Please copy out every line in the records below that includes the word "with".

**Supplied information:**
◇ ◇ ◇ ◇

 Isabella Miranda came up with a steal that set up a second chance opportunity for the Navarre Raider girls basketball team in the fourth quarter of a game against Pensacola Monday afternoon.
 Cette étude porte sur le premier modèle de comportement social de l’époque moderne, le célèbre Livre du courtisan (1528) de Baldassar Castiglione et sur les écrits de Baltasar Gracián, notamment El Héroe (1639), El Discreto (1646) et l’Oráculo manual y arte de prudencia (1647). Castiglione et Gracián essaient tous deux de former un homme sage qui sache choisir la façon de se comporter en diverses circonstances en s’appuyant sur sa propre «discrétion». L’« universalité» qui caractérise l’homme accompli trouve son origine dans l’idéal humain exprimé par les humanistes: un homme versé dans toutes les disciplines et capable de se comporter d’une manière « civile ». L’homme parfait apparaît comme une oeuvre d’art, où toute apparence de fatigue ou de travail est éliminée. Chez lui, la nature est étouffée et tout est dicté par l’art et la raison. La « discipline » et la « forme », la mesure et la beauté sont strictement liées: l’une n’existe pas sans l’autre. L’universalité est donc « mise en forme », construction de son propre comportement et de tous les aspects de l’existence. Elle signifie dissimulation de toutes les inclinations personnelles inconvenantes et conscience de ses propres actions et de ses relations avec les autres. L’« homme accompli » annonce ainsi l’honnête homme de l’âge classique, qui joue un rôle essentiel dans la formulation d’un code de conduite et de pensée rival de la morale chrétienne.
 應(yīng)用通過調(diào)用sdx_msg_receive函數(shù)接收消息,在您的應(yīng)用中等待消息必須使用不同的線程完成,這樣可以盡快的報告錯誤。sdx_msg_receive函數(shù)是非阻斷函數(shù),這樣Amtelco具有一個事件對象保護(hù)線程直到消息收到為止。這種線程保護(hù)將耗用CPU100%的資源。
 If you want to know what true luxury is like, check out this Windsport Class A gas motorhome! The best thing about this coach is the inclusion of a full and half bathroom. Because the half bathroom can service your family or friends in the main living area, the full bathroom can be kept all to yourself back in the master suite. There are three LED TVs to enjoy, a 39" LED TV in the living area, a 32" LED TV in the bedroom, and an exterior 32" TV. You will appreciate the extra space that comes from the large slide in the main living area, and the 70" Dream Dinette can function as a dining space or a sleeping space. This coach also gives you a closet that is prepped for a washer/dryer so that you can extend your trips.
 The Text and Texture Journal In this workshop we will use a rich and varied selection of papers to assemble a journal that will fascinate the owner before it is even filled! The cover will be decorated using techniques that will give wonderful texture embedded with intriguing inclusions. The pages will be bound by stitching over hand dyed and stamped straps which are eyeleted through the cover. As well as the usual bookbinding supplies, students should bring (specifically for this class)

◇ ◇ ◇ ◇

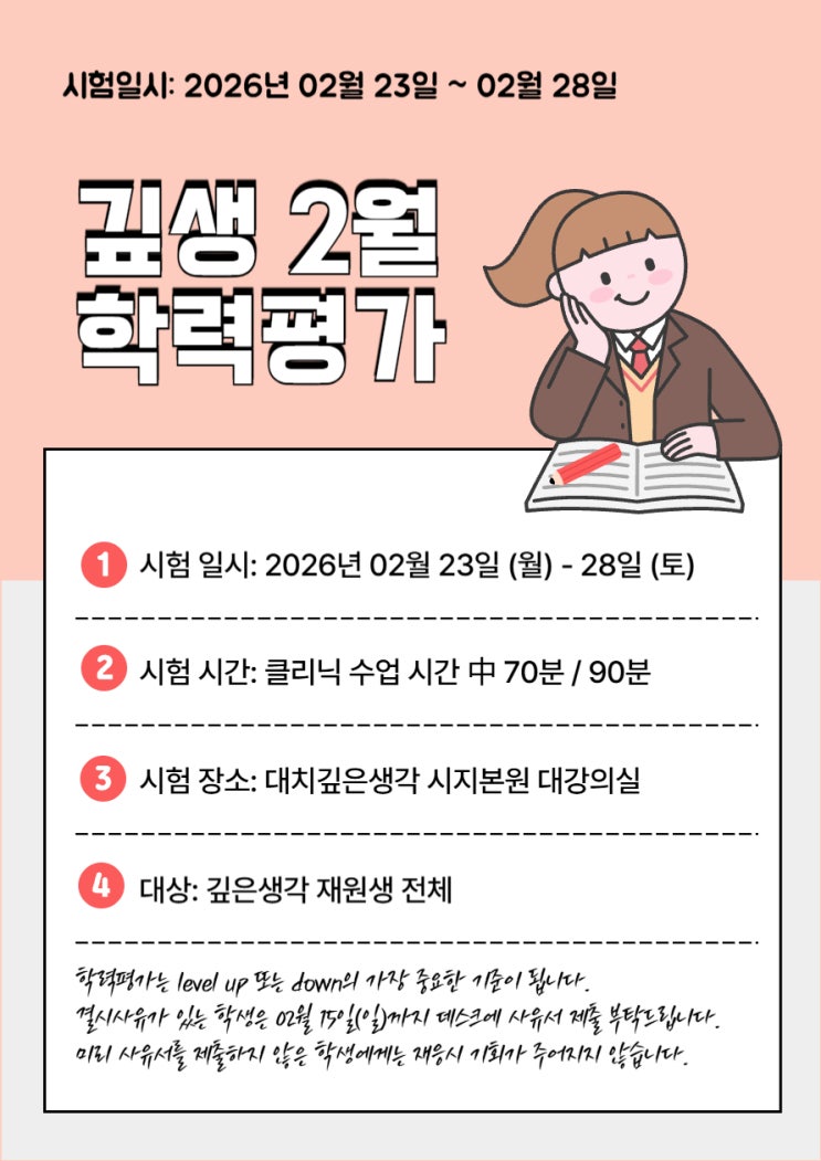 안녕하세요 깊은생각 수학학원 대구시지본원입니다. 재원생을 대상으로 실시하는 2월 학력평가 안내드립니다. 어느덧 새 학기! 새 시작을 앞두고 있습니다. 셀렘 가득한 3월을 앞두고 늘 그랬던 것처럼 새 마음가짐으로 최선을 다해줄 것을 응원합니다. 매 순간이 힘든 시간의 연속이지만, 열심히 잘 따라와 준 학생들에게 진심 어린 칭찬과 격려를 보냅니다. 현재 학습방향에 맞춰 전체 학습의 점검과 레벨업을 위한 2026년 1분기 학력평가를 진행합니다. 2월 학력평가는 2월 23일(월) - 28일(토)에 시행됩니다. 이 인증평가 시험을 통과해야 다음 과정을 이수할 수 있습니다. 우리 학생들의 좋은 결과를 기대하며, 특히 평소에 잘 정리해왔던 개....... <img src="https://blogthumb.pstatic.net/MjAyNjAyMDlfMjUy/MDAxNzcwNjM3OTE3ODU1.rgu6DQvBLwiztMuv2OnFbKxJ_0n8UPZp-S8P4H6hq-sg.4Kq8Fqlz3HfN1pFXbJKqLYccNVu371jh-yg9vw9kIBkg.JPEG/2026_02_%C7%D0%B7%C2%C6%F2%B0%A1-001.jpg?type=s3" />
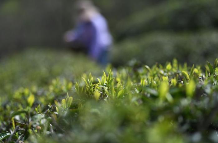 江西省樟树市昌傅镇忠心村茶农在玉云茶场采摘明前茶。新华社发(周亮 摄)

◇ ◇ ◇ ◇

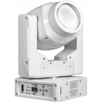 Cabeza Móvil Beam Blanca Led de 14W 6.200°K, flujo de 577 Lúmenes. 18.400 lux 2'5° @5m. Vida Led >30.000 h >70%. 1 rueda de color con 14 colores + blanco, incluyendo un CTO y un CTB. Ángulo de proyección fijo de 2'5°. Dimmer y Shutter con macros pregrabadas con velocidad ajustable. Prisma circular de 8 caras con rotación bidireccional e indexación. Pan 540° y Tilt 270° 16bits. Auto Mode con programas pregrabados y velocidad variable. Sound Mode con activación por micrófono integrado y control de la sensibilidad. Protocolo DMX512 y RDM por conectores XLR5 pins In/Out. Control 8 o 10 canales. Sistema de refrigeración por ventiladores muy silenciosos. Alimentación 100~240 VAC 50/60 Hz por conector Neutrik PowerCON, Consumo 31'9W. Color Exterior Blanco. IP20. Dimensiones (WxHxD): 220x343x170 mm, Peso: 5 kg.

◇ ◇ ◇ ◇

**Solution below:**
 Isabella Miranda came up with a steal that set up a second chance opportunity for the Navarre Raider girls basketball team in the fourth quarter of a game against Pensacola Monday afternoon.
 The Text and Texture Journal In this workshop we will use a rich and varied selection of papers to assemble a journal that will fascinate the owner before it is even filled! The cover will be decorated using techniques that will give wonderful texture embedded with intriguing inclusions. The pages will be bound by stitching over hand dyed and stamped straps which are eyeleted through the cover. As well as the usual bookbinding supplies, students should bring (specifically for this class)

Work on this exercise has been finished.